Many survivors of sexual violence have decried the failures of law enforcement agencies to provide them with adequate care or a sense of justice. For Kecia Weller, those failures were multiplied by her experience as a person with disabilities.
Weller was mortified when, in the wake of reporting her abuse, she found that the responses of law enforcement and social services agencies compounded her trauma. “I felt like I was being victimized not just by the offender, but the system that is supposed to protect me,” Weller told Ms. “I learned most the system designed to support survivors was not able to and resisted providing me with support since they had little or no experience working with a women with a developmental disability.”
Weller is a disability rights advocate who has spent the last thirty years fighting to improve criminal justice and adult protective services addressing the abuse of people with disabilities. She currently serves on multiple councils and boards—including the California State Rehabilitation Council and the Statewide Self-Advocacy Network for the UCLA Tarjan Center, University Center Excellence in Developmental Disabilities (UCEDD)—and frequently provides testimony to state and federal legislators to inform them about the issues that are affecting people with disabilities.
Statistics show that people with disabilities are four to ten times more likely to experience rape and sexual assault than people without disabilities; about 70 percent of people with disabilities report that they have been victims of abuse.
These numbers only make the work Weller and other activists for the deaf, disabled and elderly more urgent—and she has no shortage of solutions at the ready for lawmakers and advocates who are ready to listen. “The paperwork to obtain help is too complex, and is not in plain language,” Weller explained to Ms. “The print is too small and not designed for people with lower ability to read and understand difficult ideas. Likewise, staff are not available or trained to provide any support in filling out their complex paperwork.”
Weller also has demands for law enforcement officers—namely, “that enforcement facilities have trained staff on how to talk with sexual assault victims who are the same gender and interviews in private using an approach that gently encourages the victim to share information using open ended questions.” She also remarked that officers need further training specifically in regards to not “looking down” on those who are making the report, echoing her own interactions with officers who were frequently condescending.
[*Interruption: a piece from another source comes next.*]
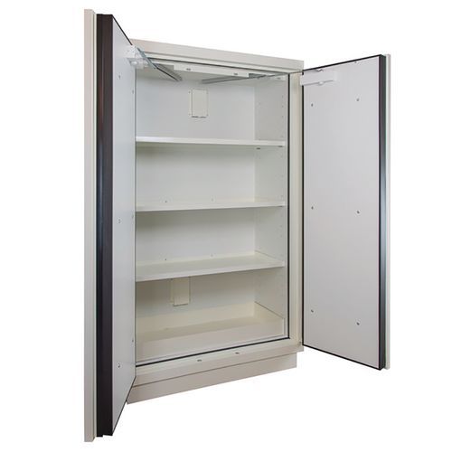 Sicherheitsschrank, Verriegelung mit Schlüssel. Griff über die gesamte Höhe des Schranks, für ergonomischere Handhabung und leichteres Öffnen. Lüftungsöffnungen für den Anschluss an eine Belüftung. Fachböden im Raster von 6,4 cm verstellbar. Entspricht den Normen EN14470-1 und FM 6050. Guarnizioni porta termodilatanti. Punto di collegamento a terra. Resistenza al fuoco di 90 minuti e testato fino a 105 minuti.
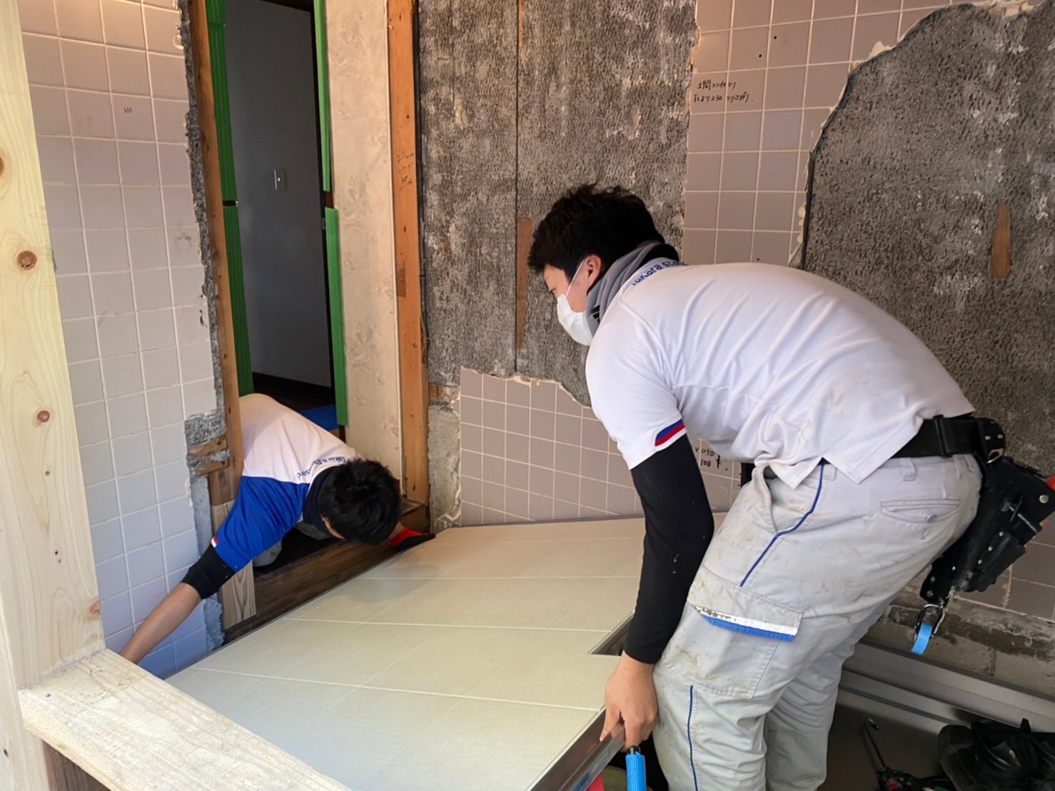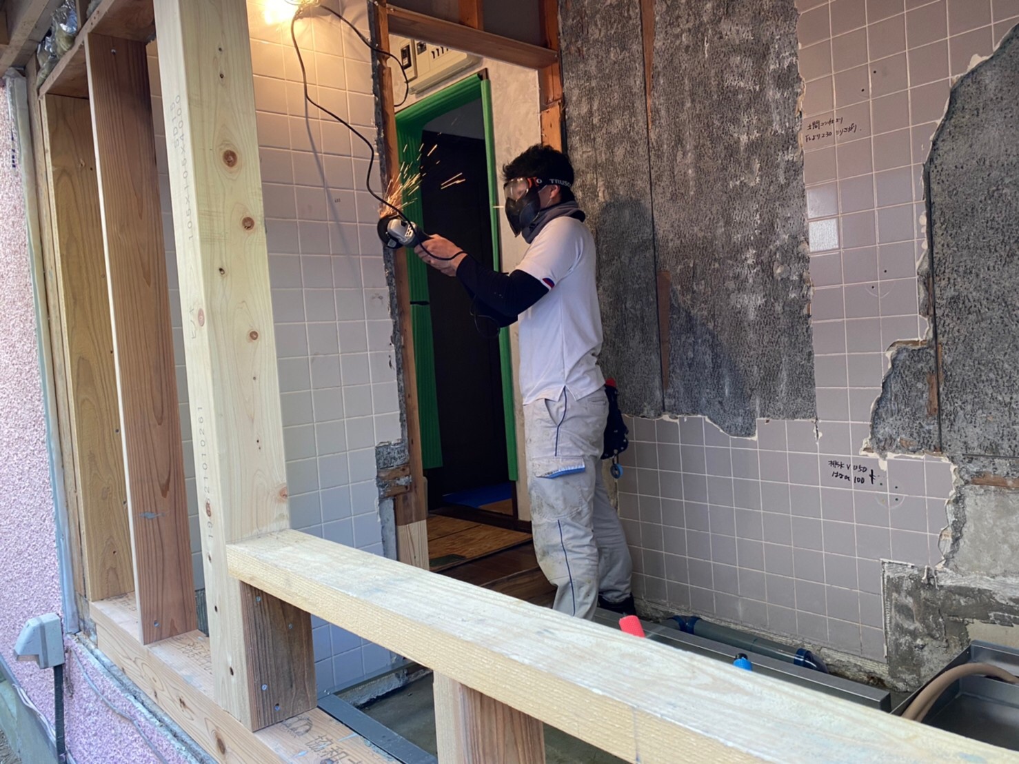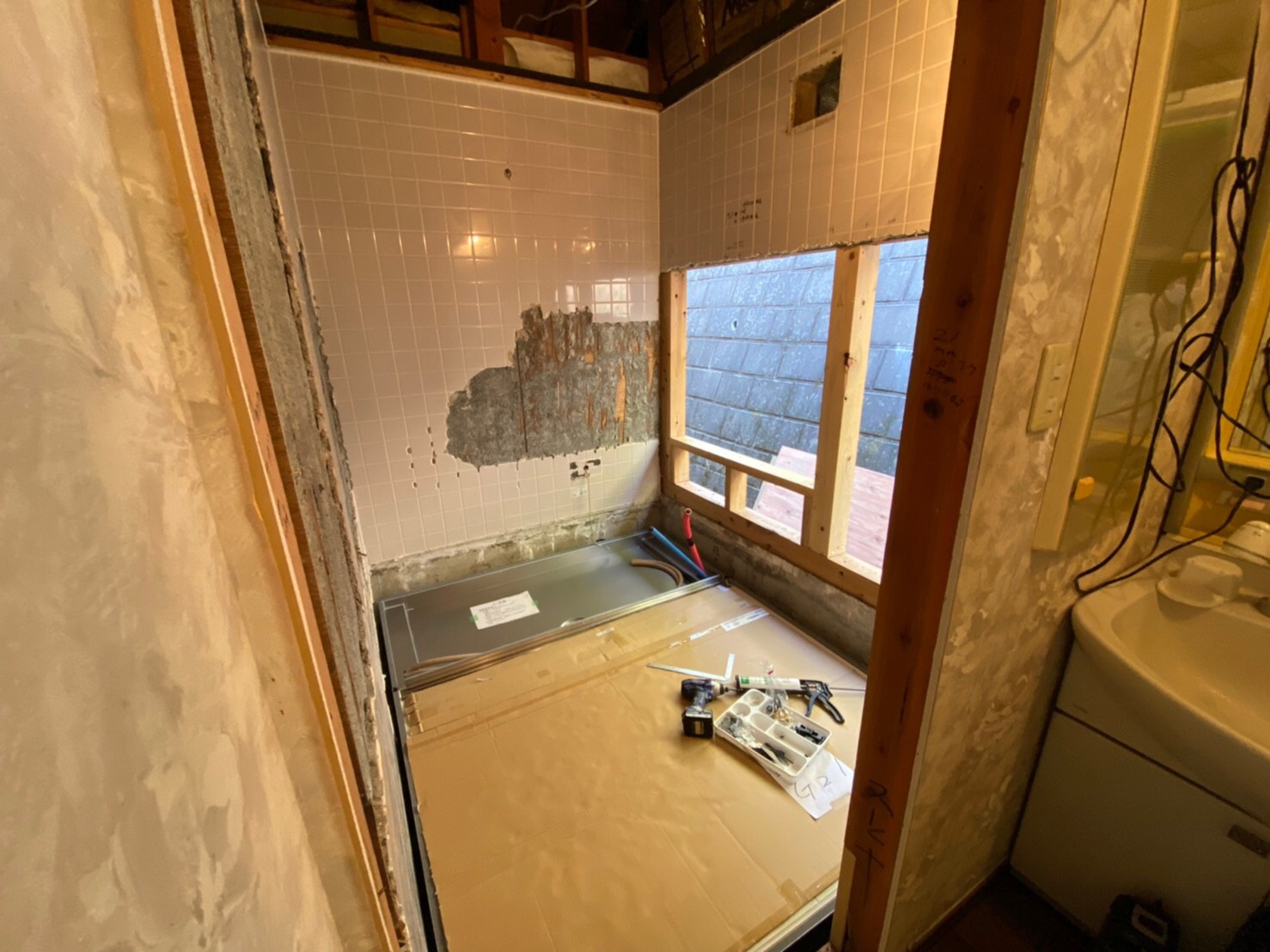 こちらの現場では、お風呂の工事中で本日は既存のお風呂の解体をし

In the wake of her own reporting experience, which involved being forced to tell male officers what happened to her in a large crowded room, she recommends that officers act with “gentleness and appreciation for how hard it is to share deeply personal and painful information to a stranger.”
Weller’s advice to her allies and accomplices is simple: “Include us!” That means putting women with disabilities in leadership positions, amplifying the work of women at the intersections and explicitly including women with disabilities in policy and activist work around every feminist issue du jour.